Моя семнадцатая весна.
Я уже не читаю. Даже не знаю, когда книга распахнутыми страницами легла мне на грудь. Я гляжу в окно, забыв о времени, гляжу и слушаю, как свершается самое удивительное чудо на земле — приход дня, возвращение весны.
Мое окно выходит на север. В него никогда не заглядывает солнце. Тем голубее и чище в раме окна квадратик неба. Тем ярче в нем свечение растворенных солнечных лучей. Я вижу его будто со дна глубокого колодца. Наверно, только из его сумеречной глубины можно почувствовать, как это здорово — ходить под таким небом. Почему люди не радуются этой возможности? Почему порой их больше радуют какие-то пустяки?
За окном я вижу наш старый тополь. Только одну вершину в черной короне грачиных гнезд. Толстые ветви золотисты от солнца. Они как руки великана узловатые и сильные. Сквозь кору проступают крученые жгуты мускулов.
Дерево поднимает свои руки к солнцу, отогревает большое, сильное тело в его лучах.
Я один в этой комнате. Дом затих в сонном оцепенении. Даже жучки-древоточцы затаились в его бревнах. Только на стене в квартире Симона Александровича вяло, как старое, изношенное сердце, стучат часы. У меня много времени думать о себе, о людях, с которыми я живу, обо всем живом и неживом. Никогда бы раньше не поверил, что эта маленькая картина живого мира в темной раме окна может вызвать столько мыслей и занять столько времени.
Я подолгу разговариваю с тополем. Я не произношу никаких слов, не задаю вопросов. Просто лежу на своей койке с распахнутой книгой на груди, с заложенными под голову руками и гляжу в окно. Может быть, я один и гляжу на тополь. Я беседую с ним молча. У меня с ним давний разговор.
Когда я был меньше, я спрашивал его о простом — что он такое? Живой он или мертвый? Что такое корни и листья? В нем всегда я находил непонятное и удивительное. Потом я спрашивал его не о том, что он, а зачем он. Зачем вырос такой огромный? Для чего ему нужна такая высота, такие могучие ветви, такие глубокие корни? Для чего он изо всех сил тянется к небу? Просто жадничает? Просто греется на солнце? Зачем ему надо каждую весну разворачивать огромный шатер листьев, чтобы потом сбросить их под ноги прохожим? Для чего жизнь ему дала такую форму, такую судьбу? Почему она не сделала его слоном, буйволом, человеком? Доволен ли он тем, что он тополь, а не что другое? Всю жизнь ему стоять на этом месте, над этим домом. Он даже не сможет отойти в сторону, если загорится дом. Не сможет пожаловаться, если в него вобьют гвоздь, не сможет прогнать обидчиков.

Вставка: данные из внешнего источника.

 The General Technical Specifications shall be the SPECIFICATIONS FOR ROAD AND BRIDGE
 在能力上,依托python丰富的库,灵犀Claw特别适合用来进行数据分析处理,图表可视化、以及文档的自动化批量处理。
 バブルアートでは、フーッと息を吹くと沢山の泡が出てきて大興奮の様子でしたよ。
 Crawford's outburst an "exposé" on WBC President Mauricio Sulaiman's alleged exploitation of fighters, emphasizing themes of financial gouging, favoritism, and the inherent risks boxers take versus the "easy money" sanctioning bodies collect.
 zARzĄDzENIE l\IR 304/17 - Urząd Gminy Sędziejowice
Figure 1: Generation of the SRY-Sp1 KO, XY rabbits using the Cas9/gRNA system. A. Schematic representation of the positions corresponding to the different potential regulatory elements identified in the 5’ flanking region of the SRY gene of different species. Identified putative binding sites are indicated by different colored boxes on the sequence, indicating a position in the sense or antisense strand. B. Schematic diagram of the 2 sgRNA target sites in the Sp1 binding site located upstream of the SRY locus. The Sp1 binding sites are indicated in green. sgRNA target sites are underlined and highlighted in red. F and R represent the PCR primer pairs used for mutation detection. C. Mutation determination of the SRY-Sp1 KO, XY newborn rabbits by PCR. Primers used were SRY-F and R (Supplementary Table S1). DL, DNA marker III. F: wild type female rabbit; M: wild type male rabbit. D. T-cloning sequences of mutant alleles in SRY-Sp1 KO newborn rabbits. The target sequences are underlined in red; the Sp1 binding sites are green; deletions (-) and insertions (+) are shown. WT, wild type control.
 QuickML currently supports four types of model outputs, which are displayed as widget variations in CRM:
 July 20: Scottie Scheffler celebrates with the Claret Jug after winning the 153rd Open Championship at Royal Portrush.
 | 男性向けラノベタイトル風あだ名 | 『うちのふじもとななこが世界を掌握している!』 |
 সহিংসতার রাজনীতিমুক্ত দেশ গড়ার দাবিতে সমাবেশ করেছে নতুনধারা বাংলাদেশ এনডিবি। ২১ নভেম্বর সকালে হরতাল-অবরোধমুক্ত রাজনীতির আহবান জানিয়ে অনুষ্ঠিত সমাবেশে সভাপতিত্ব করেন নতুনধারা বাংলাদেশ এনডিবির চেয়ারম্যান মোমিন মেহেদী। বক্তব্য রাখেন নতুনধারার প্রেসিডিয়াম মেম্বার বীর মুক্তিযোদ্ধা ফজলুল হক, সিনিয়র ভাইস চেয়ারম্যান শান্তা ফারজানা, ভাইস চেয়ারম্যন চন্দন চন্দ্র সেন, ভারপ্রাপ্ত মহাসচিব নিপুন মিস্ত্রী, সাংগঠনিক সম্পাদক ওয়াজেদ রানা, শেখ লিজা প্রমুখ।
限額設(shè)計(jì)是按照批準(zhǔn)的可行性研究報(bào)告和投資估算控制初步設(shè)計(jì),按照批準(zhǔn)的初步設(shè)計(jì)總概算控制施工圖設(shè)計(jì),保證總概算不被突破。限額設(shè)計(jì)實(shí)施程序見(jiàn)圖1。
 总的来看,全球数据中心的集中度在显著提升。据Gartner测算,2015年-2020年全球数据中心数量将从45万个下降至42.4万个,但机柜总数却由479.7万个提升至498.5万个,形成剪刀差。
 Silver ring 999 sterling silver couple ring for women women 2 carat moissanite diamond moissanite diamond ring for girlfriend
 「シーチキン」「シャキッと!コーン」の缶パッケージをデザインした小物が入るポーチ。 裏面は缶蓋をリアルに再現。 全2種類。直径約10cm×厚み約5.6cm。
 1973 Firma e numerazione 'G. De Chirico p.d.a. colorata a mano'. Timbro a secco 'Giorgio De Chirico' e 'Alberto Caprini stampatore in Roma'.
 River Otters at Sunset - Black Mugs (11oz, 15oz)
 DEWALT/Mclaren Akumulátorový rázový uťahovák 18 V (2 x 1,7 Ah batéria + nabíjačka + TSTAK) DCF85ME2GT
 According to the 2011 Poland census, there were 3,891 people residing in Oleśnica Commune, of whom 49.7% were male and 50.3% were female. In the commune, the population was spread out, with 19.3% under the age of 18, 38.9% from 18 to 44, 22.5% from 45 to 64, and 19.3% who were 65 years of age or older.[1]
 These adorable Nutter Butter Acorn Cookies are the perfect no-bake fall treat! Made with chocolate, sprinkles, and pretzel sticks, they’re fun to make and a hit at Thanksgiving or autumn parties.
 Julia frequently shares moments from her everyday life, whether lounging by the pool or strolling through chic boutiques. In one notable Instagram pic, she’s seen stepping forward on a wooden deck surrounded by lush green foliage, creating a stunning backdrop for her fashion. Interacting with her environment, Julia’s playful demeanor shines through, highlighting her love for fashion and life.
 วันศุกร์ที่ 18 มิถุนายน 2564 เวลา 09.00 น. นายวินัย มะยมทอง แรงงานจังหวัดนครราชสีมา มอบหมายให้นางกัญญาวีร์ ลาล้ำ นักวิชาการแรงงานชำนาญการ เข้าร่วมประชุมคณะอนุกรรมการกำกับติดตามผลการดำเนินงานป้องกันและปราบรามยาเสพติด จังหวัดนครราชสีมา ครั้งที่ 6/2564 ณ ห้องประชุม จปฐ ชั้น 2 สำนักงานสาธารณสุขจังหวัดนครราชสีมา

Я спросил однажды у Никифора, когда он был в хорошем настроении.
— Дядя Никифор, зачем растет дерево?
— Энта вот? — Никифор долго глядел на тополь из-под своей лохматой шапки. — Энта ни за чем. Пустое дерево. Будь бы яблоня или груша, компоту наварить можно. Опять же, если дуб: на постройку. А энта — сплошная морока. Один сор от него. Весной грачи донимают, всякий хлам сыплется, мести не успеваешь. Осенью — листья. Поразбросает по всей улице — соседние дворники ругаются. «Твой, говорят, тополь — ты и мети». А по мне — хоть сейчас его на дрова. Пустое дерево.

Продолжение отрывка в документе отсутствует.